= What you will do =
Exact repetition of a range: find the line containing "KLOW is a next-generation" and the line containing "Συγκεκριμένα τούς μίλησε" in the material below, then repeat both and all lines between them, leaving pictures out.

= Data supplied =
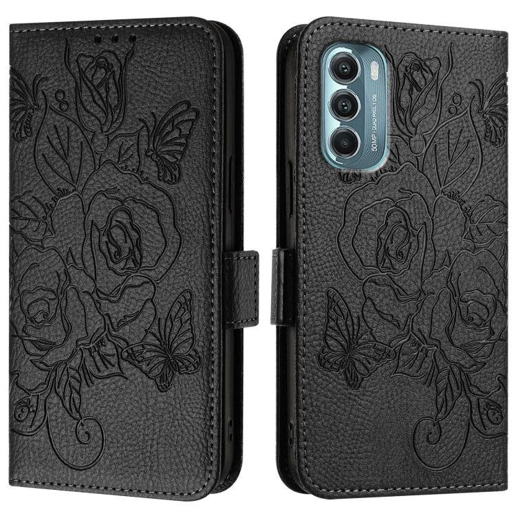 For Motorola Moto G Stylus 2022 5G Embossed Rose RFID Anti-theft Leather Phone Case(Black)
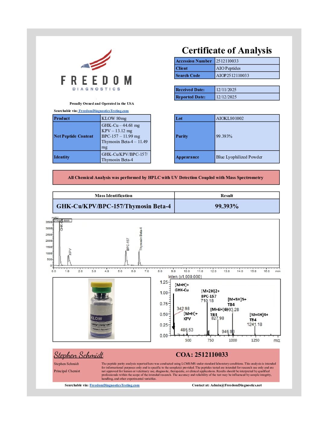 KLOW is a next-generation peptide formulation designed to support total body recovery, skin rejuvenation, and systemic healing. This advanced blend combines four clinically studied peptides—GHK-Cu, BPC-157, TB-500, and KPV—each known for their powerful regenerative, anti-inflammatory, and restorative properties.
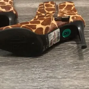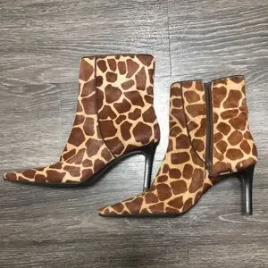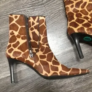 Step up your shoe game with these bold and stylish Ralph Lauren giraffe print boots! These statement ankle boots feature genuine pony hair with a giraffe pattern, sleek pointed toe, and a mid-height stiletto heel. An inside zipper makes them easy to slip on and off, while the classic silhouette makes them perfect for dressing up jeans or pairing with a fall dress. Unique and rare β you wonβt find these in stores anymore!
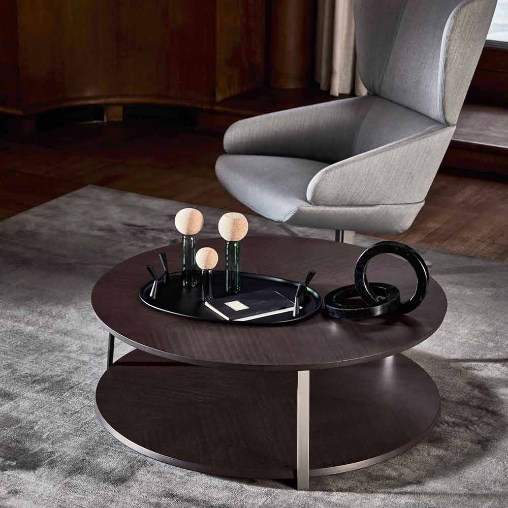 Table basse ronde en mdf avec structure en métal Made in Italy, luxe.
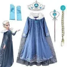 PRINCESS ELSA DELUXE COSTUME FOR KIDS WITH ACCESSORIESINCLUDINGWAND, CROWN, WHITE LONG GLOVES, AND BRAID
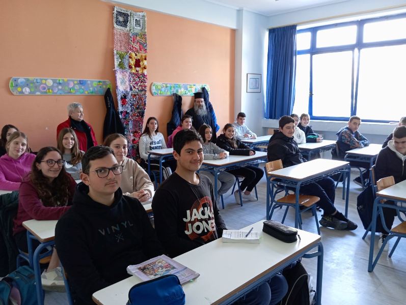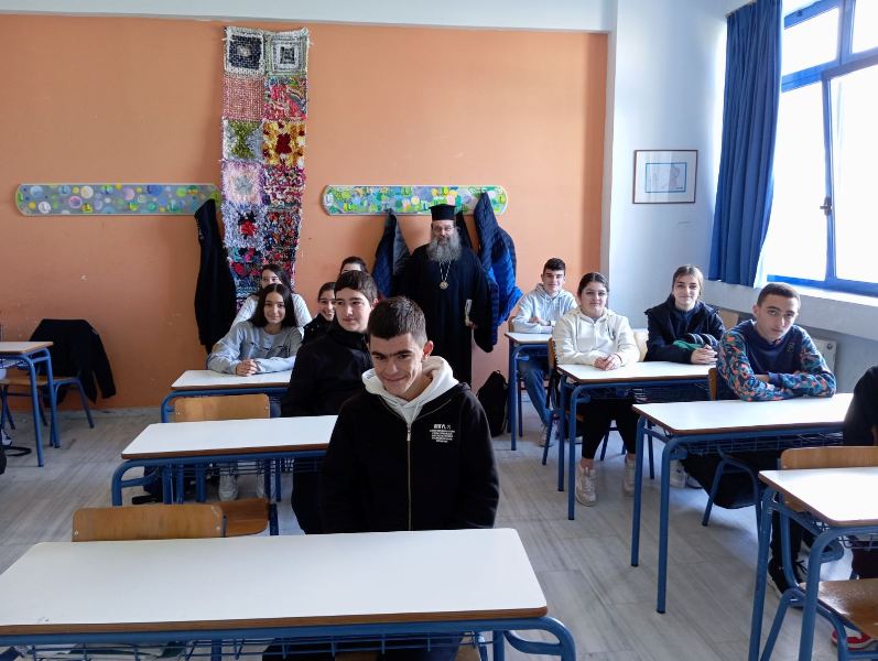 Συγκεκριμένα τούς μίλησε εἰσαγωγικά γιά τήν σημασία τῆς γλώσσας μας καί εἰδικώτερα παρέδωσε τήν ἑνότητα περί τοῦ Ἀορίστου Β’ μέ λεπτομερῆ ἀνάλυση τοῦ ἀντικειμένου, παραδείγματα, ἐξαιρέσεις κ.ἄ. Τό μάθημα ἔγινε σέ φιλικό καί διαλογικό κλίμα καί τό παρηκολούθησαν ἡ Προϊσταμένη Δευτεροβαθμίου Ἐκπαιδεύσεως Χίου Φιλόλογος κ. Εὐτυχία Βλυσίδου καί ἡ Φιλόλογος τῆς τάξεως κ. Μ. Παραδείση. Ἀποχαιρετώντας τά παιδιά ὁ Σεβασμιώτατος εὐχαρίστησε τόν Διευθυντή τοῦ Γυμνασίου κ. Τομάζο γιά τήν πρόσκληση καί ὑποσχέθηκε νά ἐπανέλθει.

---

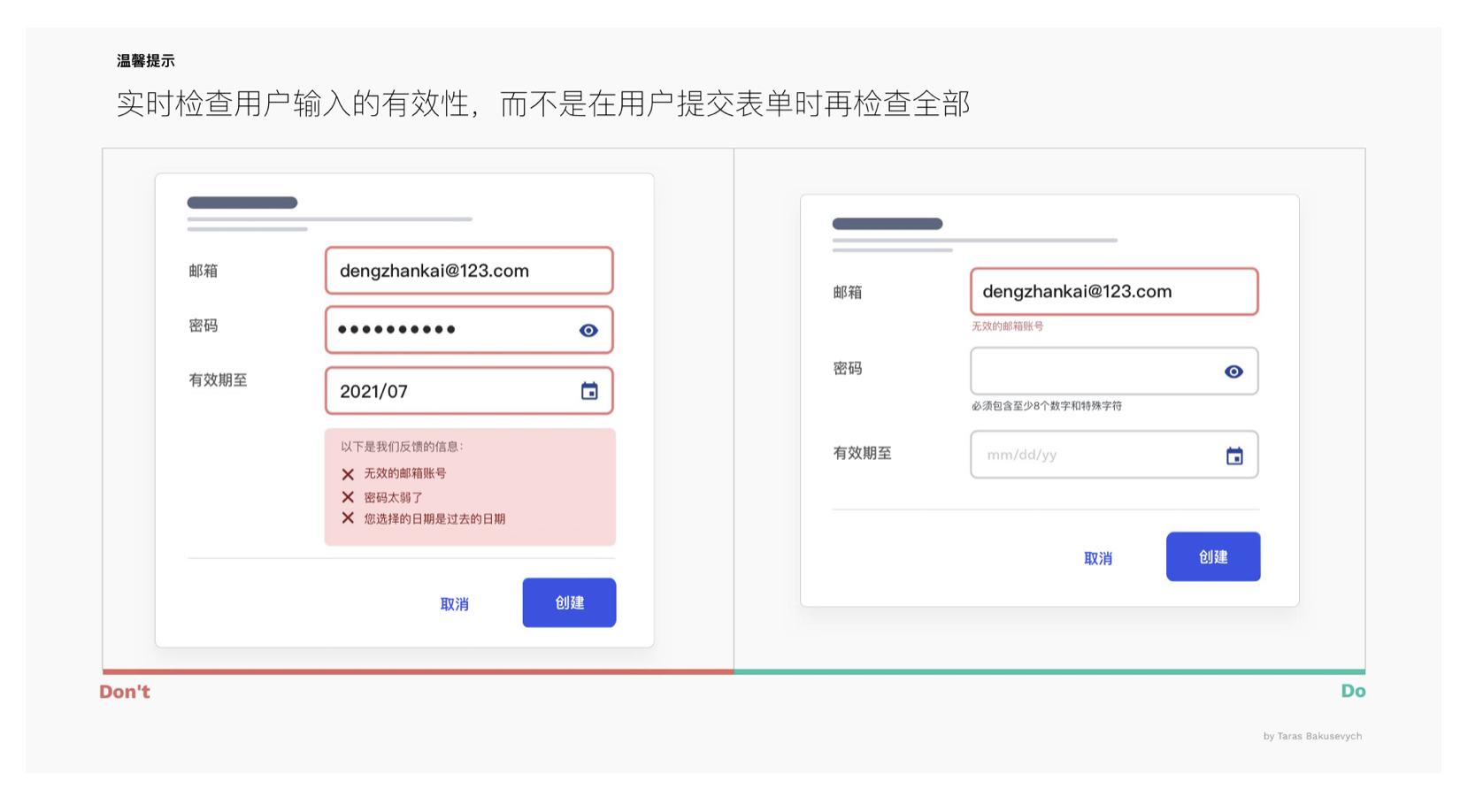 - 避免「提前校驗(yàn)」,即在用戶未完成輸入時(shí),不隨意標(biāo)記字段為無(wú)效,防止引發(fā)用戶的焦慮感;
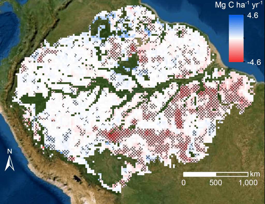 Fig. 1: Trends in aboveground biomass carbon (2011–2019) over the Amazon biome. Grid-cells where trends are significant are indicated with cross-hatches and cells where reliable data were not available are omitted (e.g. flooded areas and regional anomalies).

...

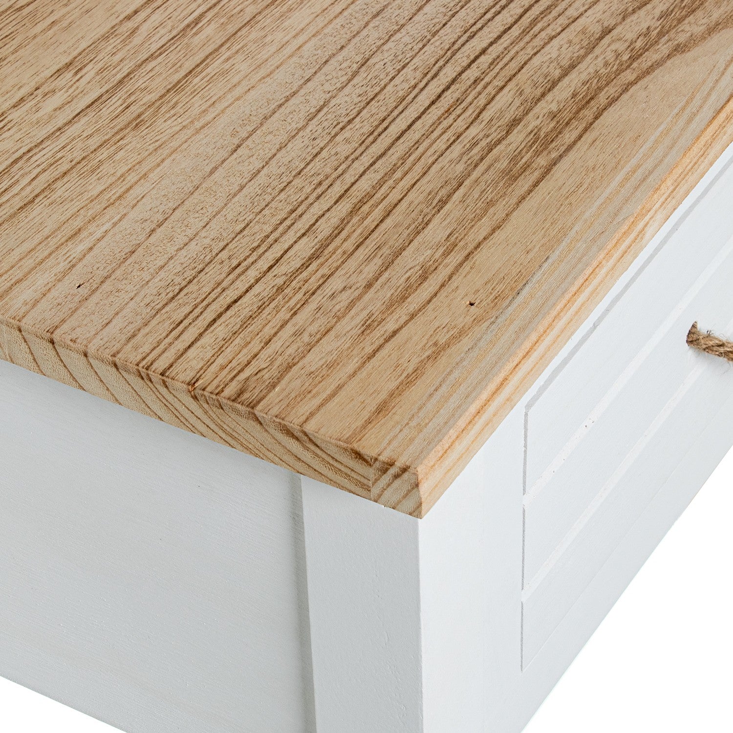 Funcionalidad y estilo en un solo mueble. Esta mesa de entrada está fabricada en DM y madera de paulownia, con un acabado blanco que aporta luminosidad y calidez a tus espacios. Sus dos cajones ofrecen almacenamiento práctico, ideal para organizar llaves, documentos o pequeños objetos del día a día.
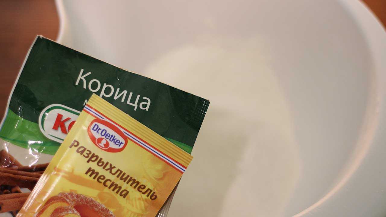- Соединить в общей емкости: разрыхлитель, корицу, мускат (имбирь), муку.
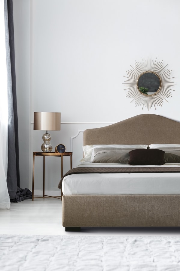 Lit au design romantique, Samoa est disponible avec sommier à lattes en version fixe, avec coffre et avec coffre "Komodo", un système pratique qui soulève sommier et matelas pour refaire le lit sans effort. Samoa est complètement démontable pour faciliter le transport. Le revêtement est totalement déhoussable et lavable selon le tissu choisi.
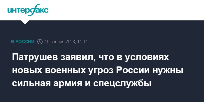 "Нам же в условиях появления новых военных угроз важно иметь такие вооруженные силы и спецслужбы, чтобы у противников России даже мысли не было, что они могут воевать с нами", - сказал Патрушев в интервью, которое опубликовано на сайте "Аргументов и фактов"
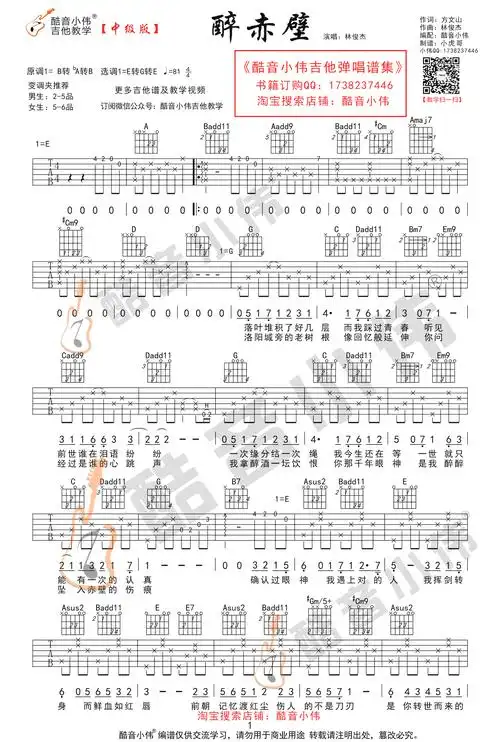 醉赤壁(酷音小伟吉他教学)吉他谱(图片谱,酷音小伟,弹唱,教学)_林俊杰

= The completed task =
 KLOW is a next-generation peptide formulation designed to support total body recovery, skin rejuvenation, and systemic healing. This advanced blend combines four clinically studied peptides—GHK-Cu, BPC-157, TB-500, and KPV—each known for their powerful regenerative, anti-inflammatory, and restorative properties.
 Step up your shoe game with these bold and stylish Ralph Lauren giraffe print boots! These statement ankle boots feature genuine pony hair with a giraffe pattern, sleek pointed toe, and a mid-height stiletto heel. An inside zipper makes them easy to slip on and off, while the classic silhouette makes them perfect for dressing up jeans or pairing with a fall dress. Unique and rare β you wonβt find these in stores anymore!
 Table basse ronde en mdf avec structure en métal Made in Italy, luxe.
 PRINCESS ELSA DELUXE COSTUME FOR KIDS WITH ACCESSORIESINCLUDINGWAND, CROWN, WHITE LONG GLOVES, AND BRAID
 Συγκεκριμένα τούς μίλησε εἰσαγωγικά γιά τήν σημασία τῆς γλώσσας μας καί εἰδικώτερα παρέδωσε τήν ἑνότητα περί τοῦ Ἀορίστου Β’ μέ λεπτομερῆ ἀνάλυση τοῦ ἀντικειμένου, παραδείγματα, ἐξαιρέσεις κ.ἄ. Τό μάθημα ἔγινε σέ φιλικό καί διαλογικό κλίμα καί τό παρηκολούθησαν ἡ Προϊσταμένη Δευτεροβαθμίου Ἐκπαιδεύσεως Χίου Φιλόλογος κ. Εὐτυχία Βλυσίδου καί ἡ Φιλόλογος τῆς τάξεως κ. Μ. Παραδείση. Ἀποχαιρετώντας τά παιδιά ὁ Σεβασμιώτατος εὐχαρίστησε τόν Διευθυντή τοῦ Γυμνασίου κ. Τομάζο γιά τήν πρόσκληση καί ὑποσχέθηκε νά ἐπανέλθει.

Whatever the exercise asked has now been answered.